A DEVASTATED woman has claimed blundering vets accidentally put down her pet kitten by mistake.

Mandy Raab said she was told by vets that one of her two kittens needed to be put to sleep because of a deteriorating leg condition.

But Mandy, from of Telford, Shrops, and partner Paul Saxton said they later discovered the wrong one had been put down.

Now the heartbroken 36-year-old says she will make a complaint to the Royal College of Veterinary Surgeons.

Mandy had originally taken her rescue kittens, Tammy and Maddy, into the practice to be neutered.

Wrekin View Vets, in Wellington, Shrops, has refused to comment on the matter but Miss Raab said they had now given her two new kittens.

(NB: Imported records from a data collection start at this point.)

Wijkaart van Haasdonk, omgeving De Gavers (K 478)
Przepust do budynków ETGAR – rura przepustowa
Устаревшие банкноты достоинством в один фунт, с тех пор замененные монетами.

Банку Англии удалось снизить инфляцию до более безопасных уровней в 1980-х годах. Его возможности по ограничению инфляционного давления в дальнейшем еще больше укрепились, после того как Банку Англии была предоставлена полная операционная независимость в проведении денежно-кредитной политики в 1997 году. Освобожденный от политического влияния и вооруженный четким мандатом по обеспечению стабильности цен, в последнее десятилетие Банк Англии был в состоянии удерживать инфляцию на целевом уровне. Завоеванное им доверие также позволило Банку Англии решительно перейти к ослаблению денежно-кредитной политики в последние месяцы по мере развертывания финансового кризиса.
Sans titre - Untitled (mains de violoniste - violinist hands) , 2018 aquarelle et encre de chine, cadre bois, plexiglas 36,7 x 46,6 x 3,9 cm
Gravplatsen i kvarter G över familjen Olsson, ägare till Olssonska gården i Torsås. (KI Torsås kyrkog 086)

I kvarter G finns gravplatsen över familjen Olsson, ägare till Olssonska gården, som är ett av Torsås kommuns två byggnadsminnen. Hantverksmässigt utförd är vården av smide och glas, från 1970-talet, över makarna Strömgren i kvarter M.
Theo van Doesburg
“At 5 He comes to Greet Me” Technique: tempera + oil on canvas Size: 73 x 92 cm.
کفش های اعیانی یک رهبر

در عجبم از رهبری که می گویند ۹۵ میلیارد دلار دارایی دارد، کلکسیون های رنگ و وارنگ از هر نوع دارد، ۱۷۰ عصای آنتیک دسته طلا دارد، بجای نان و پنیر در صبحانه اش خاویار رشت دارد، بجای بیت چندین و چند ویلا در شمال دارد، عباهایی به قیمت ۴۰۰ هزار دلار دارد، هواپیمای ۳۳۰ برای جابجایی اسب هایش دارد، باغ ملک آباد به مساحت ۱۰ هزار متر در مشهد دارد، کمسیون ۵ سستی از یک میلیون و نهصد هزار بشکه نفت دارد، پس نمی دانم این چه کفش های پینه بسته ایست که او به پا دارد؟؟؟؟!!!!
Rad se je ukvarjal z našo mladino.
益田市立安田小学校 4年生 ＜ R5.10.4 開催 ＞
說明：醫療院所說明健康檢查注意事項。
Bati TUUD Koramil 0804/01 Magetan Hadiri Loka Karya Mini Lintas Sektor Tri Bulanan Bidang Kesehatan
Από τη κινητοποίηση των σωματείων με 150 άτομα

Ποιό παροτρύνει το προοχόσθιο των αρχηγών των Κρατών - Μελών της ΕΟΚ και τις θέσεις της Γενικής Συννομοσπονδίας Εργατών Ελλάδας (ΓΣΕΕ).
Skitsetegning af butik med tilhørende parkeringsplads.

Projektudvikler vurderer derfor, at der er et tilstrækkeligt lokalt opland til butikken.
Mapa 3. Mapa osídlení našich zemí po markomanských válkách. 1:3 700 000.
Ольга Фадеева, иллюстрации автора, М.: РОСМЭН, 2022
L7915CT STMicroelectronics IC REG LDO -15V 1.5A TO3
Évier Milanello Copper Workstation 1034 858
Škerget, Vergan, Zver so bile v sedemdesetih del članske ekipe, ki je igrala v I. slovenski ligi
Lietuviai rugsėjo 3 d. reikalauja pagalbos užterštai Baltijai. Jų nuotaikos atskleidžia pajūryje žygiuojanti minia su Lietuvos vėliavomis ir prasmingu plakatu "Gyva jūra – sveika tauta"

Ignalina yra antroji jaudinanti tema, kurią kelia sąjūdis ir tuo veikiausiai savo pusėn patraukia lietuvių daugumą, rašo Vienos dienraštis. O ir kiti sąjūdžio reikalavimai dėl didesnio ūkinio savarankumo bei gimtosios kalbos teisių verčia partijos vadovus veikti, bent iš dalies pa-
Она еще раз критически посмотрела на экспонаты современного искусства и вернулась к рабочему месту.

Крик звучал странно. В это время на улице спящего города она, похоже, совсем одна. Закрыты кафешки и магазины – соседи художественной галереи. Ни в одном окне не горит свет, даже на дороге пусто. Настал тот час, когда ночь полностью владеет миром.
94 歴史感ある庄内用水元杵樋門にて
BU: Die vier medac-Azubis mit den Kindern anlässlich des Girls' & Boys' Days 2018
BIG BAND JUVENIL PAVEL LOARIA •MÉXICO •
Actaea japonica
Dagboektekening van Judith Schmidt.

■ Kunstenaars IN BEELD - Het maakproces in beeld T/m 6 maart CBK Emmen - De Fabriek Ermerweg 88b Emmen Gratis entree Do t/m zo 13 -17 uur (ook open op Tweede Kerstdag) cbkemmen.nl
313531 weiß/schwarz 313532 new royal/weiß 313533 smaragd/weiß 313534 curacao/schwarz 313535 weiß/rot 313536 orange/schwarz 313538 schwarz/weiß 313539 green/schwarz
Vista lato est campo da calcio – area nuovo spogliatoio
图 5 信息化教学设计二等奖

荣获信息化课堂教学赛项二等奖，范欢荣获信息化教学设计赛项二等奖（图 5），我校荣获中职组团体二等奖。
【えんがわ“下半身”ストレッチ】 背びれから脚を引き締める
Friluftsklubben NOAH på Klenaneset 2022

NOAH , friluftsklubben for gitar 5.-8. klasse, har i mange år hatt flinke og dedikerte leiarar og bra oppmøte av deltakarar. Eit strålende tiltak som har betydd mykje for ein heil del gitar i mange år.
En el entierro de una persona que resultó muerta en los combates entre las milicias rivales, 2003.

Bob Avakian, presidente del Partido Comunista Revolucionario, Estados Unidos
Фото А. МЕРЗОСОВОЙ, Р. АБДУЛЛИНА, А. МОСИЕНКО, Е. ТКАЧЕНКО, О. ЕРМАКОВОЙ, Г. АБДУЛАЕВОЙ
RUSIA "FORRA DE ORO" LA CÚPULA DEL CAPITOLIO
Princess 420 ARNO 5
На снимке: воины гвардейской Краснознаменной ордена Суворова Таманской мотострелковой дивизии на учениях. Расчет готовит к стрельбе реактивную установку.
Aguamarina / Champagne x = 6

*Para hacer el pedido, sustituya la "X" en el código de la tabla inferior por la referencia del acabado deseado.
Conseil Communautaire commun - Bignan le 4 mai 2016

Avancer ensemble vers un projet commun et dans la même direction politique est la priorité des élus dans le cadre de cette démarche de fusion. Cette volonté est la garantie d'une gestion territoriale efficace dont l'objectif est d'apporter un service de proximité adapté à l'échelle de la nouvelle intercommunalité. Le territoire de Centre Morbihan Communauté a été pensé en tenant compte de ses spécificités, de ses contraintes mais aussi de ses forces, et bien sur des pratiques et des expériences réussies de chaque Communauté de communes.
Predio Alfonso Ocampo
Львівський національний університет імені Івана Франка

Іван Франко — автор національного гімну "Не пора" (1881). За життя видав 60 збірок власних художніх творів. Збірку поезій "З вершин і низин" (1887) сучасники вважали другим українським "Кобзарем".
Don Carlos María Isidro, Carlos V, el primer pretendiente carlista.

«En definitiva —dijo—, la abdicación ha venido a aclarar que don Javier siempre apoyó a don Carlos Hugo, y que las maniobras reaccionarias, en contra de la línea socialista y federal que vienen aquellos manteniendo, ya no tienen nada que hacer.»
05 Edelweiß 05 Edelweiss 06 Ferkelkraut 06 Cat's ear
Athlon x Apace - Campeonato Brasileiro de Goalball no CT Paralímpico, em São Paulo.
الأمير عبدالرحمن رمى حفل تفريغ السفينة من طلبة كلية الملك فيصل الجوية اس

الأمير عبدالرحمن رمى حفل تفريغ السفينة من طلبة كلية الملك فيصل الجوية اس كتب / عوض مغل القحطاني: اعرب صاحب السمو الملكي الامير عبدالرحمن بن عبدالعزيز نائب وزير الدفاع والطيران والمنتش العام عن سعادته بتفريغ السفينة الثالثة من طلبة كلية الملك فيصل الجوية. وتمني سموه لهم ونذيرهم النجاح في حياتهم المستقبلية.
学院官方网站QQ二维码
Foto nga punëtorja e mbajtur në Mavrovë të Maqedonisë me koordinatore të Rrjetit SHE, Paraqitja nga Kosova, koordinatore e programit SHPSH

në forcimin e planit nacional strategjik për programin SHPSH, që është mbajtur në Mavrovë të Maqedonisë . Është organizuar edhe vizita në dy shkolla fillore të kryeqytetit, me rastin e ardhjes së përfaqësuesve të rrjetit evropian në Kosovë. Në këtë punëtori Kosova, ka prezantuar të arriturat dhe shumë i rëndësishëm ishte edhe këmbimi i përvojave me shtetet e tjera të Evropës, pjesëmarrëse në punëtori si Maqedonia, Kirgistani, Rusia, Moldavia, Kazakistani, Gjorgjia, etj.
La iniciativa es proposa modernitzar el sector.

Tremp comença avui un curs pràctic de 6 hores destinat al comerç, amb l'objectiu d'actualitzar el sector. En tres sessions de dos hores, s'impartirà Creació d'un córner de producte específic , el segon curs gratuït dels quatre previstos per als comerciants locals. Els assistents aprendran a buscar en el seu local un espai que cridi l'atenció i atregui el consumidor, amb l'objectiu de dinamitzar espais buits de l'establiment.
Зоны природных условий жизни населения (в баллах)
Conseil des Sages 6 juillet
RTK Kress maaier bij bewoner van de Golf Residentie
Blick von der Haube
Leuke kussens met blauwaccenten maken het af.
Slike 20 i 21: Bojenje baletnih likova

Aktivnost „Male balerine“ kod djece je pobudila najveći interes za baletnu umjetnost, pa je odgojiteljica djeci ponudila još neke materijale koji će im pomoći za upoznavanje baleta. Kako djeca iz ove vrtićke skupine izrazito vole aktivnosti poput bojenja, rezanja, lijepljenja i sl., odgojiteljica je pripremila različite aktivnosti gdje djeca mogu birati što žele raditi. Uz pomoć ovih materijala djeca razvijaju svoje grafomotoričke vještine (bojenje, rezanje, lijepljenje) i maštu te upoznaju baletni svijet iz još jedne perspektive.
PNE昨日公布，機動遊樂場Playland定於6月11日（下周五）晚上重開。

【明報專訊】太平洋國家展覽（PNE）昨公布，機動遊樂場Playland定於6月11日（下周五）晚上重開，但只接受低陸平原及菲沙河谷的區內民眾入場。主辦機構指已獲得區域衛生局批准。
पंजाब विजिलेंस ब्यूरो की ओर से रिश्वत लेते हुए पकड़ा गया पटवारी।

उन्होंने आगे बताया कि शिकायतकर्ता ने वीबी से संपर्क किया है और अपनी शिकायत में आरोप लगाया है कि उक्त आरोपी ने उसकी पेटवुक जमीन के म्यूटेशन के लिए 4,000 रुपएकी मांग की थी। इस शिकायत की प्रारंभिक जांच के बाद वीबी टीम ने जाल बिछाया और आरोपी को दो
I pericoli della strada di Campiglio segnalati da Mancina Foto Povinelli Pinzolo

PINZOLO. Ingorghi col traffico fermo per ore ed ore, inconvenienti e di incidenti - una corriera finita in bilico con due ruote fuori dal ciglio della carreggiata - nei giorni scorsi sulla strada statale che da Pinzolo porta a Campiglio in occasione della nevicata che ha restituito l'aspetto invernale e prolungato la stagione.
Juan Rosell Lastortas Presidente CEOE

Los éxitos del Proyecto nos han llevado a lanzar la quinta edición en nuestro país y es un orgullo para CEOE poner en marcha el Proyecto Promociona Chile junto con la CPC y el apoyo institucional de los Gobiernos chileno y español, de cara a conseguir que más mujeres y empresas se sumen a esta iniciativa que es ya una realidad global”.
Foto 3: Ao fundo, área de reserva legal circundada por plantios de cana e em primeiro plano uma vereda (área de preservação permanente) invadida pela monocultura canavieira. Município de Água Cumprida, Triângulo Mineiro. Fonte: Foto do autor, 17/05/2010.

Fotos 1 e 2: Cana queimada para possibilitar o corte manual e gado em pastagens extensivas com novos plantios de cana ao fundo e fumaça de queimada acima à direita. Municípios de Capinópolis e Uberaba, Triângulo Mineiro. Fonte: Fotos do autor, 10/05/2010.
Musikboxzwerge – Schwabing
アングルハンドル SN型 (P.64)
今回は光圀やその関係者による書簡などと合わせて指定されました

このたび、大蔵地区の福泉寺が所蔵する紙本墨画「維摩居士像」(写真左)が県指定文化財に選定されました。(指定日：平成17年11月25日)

Mandy had originally taken the kittens into the practice last week and was told Maddy was suffering from a deteriorating leg condition and needed to be put to sleep.

She said Maddy was in the poorer condition of the two kittens when she took them on in December.

“Tammy became my little girl. She used to follow me everywhere. When it came time for them to be neutered, Paul took them to Wrekin View and explained that Maddy had a bad leg.

“The vet called me later in the day to say the leg condition was deteriorating and the kindest thing would be to put Maddy to sleep. That left me in bits but I agreed. I didn’t want her to suffer.”

She alleged: “When Paul went to collect Tammy the same day he knew instantly that the cat they had at the vets was Maddy. It was Tammy they had put to sleep.

“A staff member told me subsequently that a veterinary nurse had picked Tammy up by mistake when it was time for Maddy to be put to sleep. I was so upset.”

Miss Raab said the vets were returning both cats’ ashes to her next week as well as a memorial plaque.

Ian Holloway, Royal College of Veterinary Surgeons spokesman, said: “Allegations of negligence are usually resolved between the parties or by the civil courts.

“There are occasions, though, when the alleged negligence is so serious as to be an issue of professional conduct. Where this appears to be a real possibility, we will investigate.”